Ready, Set, Explore: How Travel Teaches Us

By Dr. Edward Dramberger

The Destination Diaries

The Destination Diaries.

My newly published book, The Destination Diaries “How to Travel for Life,” is about connecting with people via travel and utilizing your five senses on the road. As association industry professionals, we have opportunities to interact and influence many others on a daily basis when we travel, hold conferences in different locations, and manage nonprofit organizations that impact the lives of people in many different communities.

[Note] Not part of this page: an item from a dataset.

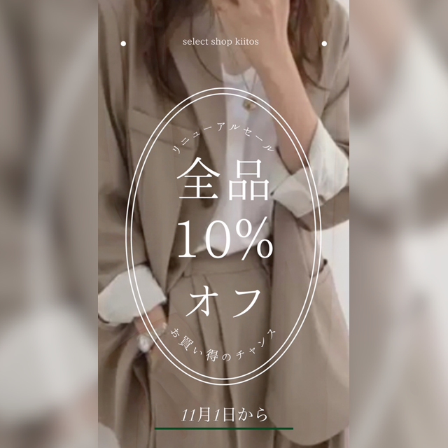 話がそれましたが、11月1日から11月14日までがsale期間となりますので是非この機会にselect shop kiitosに遊びに来てくださいね。

The book chronicles my mind quest to quench an insatiable thirst for travel and the endless excavation for life’s meaning therein. Decades of professional and leisure travel across 180 of the 195 countries yielded this book that mixes one-part memoir, one-part self-help, and one-part guide for anyone looking to turn travel into something more. I’d like to share some of the aspects of my voyages as depicted in the book with NYSAE members.

Why Travel Connects Us
By foot, plane, train, ship and automobile; we travel for various reasons. Perhaps none of them are as common as our innate desire as human beings to connect with one another. We travel to connect with others for friendship, for business, love, and to explore the unknown. My first travel memories take place in the back of a station wagon going to see my grandparents. At six years old, I was the first one packed and was delighted to see the green neon sign of a Holiday Inn along the way for our hotel stay. I would complain to the front desk about our rooms, restaurant, etc. I was hooked; the hospitality and tourism industry was in my blood for life.

As an adult, I traveled for work within the Hotel industry and made sure I slipped in leisure sightseeing during my trips to meetings, conferences, and sales calls with association and corporate clients.

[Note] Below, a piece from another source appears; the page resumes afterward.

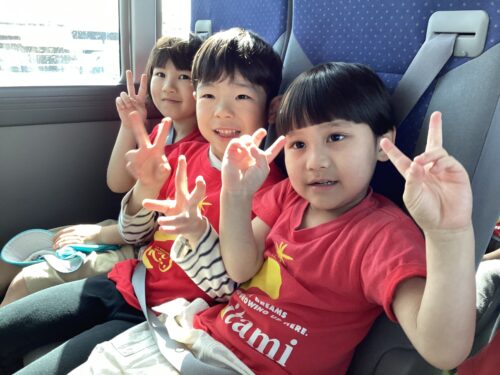 先にバスに乗っている梅ノ木くじら保育園のお友達に「おはよう!」と元気に挨拶をして

Whether I traveled to Sao Paulo, Paris, or San Francisco, I made sure to interact with people utilizing my five senses. Some of the stories in the book include a hut in the Amazon jungle, Borneo to the metropolitan cities of Buenos Aries, Mumbai, and Bangkok. In each of the destinations, locals whom I interacted with shared their stories of triumphs and struggles. It is those stories that connect us and as association professionals, we must be good listeners and story tellers.

Seeing Culture at Work
I can remember instances in Borneo where I was speaking at a global tourism conference in Malaysia. I had the rare opportunity to stay with the Iban Tribe along the river banks far from civilization. I was impressed with the chief and his wife for creating a well-balanced community of productive, happy people. Each villager had their responsibilities, tasks, and talents that benefited the village. In many ways, this is the same culture that most associations are, or should be, striving to achieve. Each person brings their individual talents to contribute to the greater outcome of the communities they serve.

Another example includes overdoing it in Bangkok. I was tired jetting off to other Southeast Asia countries for the fourth week in a row consulting and conducting hospitality sales training seminars. I returned to Bangkok from Singapore and headed for the airport bus to Pattaya where I lived. Just then, I lost my passport and wallet on the bus. I was terrified and worried about how I was to get out of this situation. A woman sitting in front of me who worked at the Chanel store in the airport assisted me with retrieving my stolen items. She called the police and the captain started to interrogate each passenger on the bus. Finally, a local Thai man was found guilty and returned my passport/wallet. The fellow stranger who helped me was so kind and did not accept a reward. While it is nice to be recognized, often times the best reward is the satisfaction of knowing we helped a total stranger. That same feeling resonates with many who work in mission-oriented occupations like associations and nonprofits.

Making Connections
Within these destinations, modern travel can connect you from the Chicago’s and New York’s of the world to the most remote places on earth. Transporting yourself to a place where they eat differently, speak their own language, and practice their own customs from business to religion. Just as a wealthy man from a Saudi Royal family might not be able to conceive your lifestyle, an underprivileged person from the streets of Manila has the same basic human necessities of food, clothing, and shelter. Travel sets you free from the unfamiliar and allows the connection of people to explore the wonders of the globe.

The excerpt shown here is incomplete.